But as Sébastien explains, efficient usage of the RTIO data FIFOs at all levels is driving this design.
And should be "... number of pending or in-flight timeline 'rewinds'". The total number is of course unlimited.
Thanks for posting this @sbourdeauducq and @jordens.
Context
Current situation
As I understand it:
Scalable solutions
AFAICT in the above comments, there are two proposed scalable solutions:
Only allocate space on the master for the DRTIO channels that are actually used.
SRTIO
Is that all about right so far, or have I misunderstood things?
We don't lose precise exceptions with SRTIO. Underflow errors are exactly the same as before. Sequence errors are usually not an error anymore, a decreasing timestamp in a channel is only an error when we run out of usable FIFOs to "rewind" the timeline (and that one error can be precise). Collision errors must be asynchronous, but they already are in ARTIQ-3 to accommodate DRTIO requirements.
Places stricter requirements on the ordering of DRTIO events for a slave.
How many in-flight timeline rewinds do you expect? If there are more SRTIO FIFOs than rewinds then you're fine.
@sbourdeauducq Thanks for the clarifications about precise exceptions.
How many in-flight timeline rewinds do you expect? If there are more SRTIO FIFOs than rewinds then you're fine.
@cjbe is the right person to ask about this.
From my understanding, there are a couple of situations where we rewind the timeline:
8 FIFOS might be cutting it a bit close, 16 or 32 would be better.
AFAICT, Proposal 1 ("Only allocate space on the master for the DRTIO channels that are actually used") seems to be a better fit to our use cases than SRTIO because:
while it is a non-trivial amount of work, it still sounds simpler than SRTIO. Is that correct?

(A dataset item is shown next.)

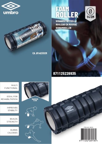 Dopřejte svým svalům rychlou regeneraci, hlubokou relaxaci a účinný automasážní efekt s masážním válcem Foam Roller značky UMBRO. Tento odolný a ergonomický roller o rozměrech 33 × 14 cm je ideální pomůcka pro regeneraci po tréninku, pro rehabilitaci i zlepšení flexibility.

Maybe a bit, but is not trivial either to allocate addresses and distribute the memory among the multiple DRTIO master cores in a way that results in good performance (we may want to use multiple DRTIO links at the same time later, e.g. with a more powerful DMA core), meets timing in slow Xilinx silicon, and is not too ugly. SRTIO doesn't require memory and thus avoids this issue entirely.
@sbourdeauducq Thanks for the clarification.
I need to have more of a think about this and get back to you.
In the mean time, since this is a pretty major infrastructural change to ARTIQ, I'd be interested to hear opinions from other users @dhslichter @jboulder etc...
I need some time to think hard about this, and I would also recommend including others like @dleibrandt @amhankin @r-srinivas @dtcallcock in the thought process.
Several initial thoughts:
On the SRTIO idea in particular:
simple is better. To me, it seems that re-architecting the DRTIO into this SRTIO is potentially fraught with pitfalls
See my comment above, DRTIO with switches/many devices and without SRTIO isn't very nice either.
to what degree does this decision impact hardware design?
It does not, this is all gateware.
would it defeat the purpose if we reduce the FIFO depths, but not the number of FIFOs, and then allow them to run in this "shared FIFO pool" manner?
The core would not move to the next FIFO if the current one is full (only if you send a decreasing timestamp). The space in the SRTIO FIFOs cannot be combined arbitrarily.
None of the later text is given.